# Guinness Bottle. Can anyone give me any history and value of this bottle, I have been all over the Internet and not found a thing.



## John Russell (Dec 9, 2022)




----------



## hemihampton (Dec 9, 2022)

never seen that Guinness label before, To me almost looks home made on a Computer or Printer. Most Guinness labels seem to have what some people call Lot#'s across labels. LEON.


----------



## hemihampton (Dec 9, 2022)

After doing some research I see James Butler had a huge well known Grocery Store Chain in New York. In a 1906 Newspaper Ad I see he Advertizes selling Guinness Beer. So, Could he of added his own label to these Bottles? Possible I guess? What does the embossed side say, I can't read it? LEON.


----------



## John Russell (Dec 9, 2022)

hemihampton said:


> never seen that Guinness label before, To me almost looks home made on a Computer or Printer. Most Guinness labels seem to have what some people call Lot#'s across labels.
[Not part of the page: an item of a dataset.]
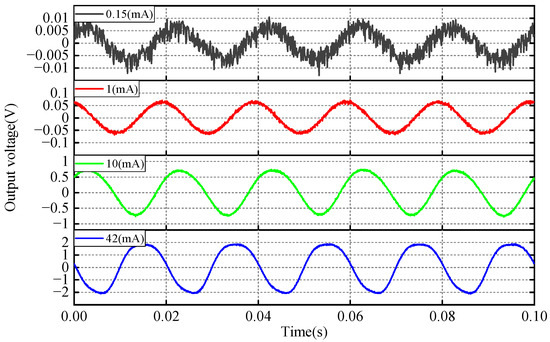 A current measurement system is constructed based on Figure 9, comprising a signal generator, measured busbar, resistors, the FBG-FP sensor, broadband light source, fiber-optic FP tunable filter, photoelectric converter, and oscilloscope. The principle involves inducing a voltage in the magnetic core’s coil when current flows through the busbar. This voltage drives the PZT to generate strain, altering the FP cavity length. The demodulation system reconstructs the current signal and displays it on the oscilloscope. To generate small currents, a 250 Ω resistor is connected in series with the busbar (inherent resistance: 0.88 Ω). The voltage across the resistor is measured by the oscilloscope, and the actual current is calculated by dividing this voltage by the resistance. Output voltage waveforms under different currents are shown in Figure 13. When the measured bus current is 0.15 mA, the sensor’s output signal exhibits a peak-to-peak value of 20 mV, with a system signal noise of 5 mV. For this condition, the signal-to-noise ratio (SNR) is 6.02 dB. When the measured bus current decreases further, the sensor’s output signal peak-to-peak value reduces accordingly, causing the SNR to fall below 6 dB, and the interference of system noise on current detection accuracy increases; thus, 0.15 mA is defined as the minimum measurable current of the FBG-FP sensor. At 1 mA and 10 mA, the output voltage waveforms exhibit good fidelity. When the current reaches 42 mA, the output voltage peak-to-peak value reaches 3.8 V, beyond which waveform distortion becomes significant. This defines the maximum measurable current, resulting in a measurement range of 0.15 mA to 42 mA for the FBG-FP sensor. According to Equation (33), the coil output voltage is only 1.58 V at a busbar current of 1 A. Combined with the low-voltage hysteresis analysis, the sensor can accurately reconstruct the measured current signal within the 0.15 mA–42 mA range.

LEON.


Hi thanks for that but please see attached photo


----------



## John Russell (Dec 9, 2022)

hemihampton said:


> After doing some research I see James Butler had a huge well known Grocery Store Chain in New York. In a 1906 Newspaper Ad I see he Advertizes selling Guinness Beer. So, Could he of added his own label to these Bottles? Possible I guess? What does the embossed side say, I can't read it? LEON.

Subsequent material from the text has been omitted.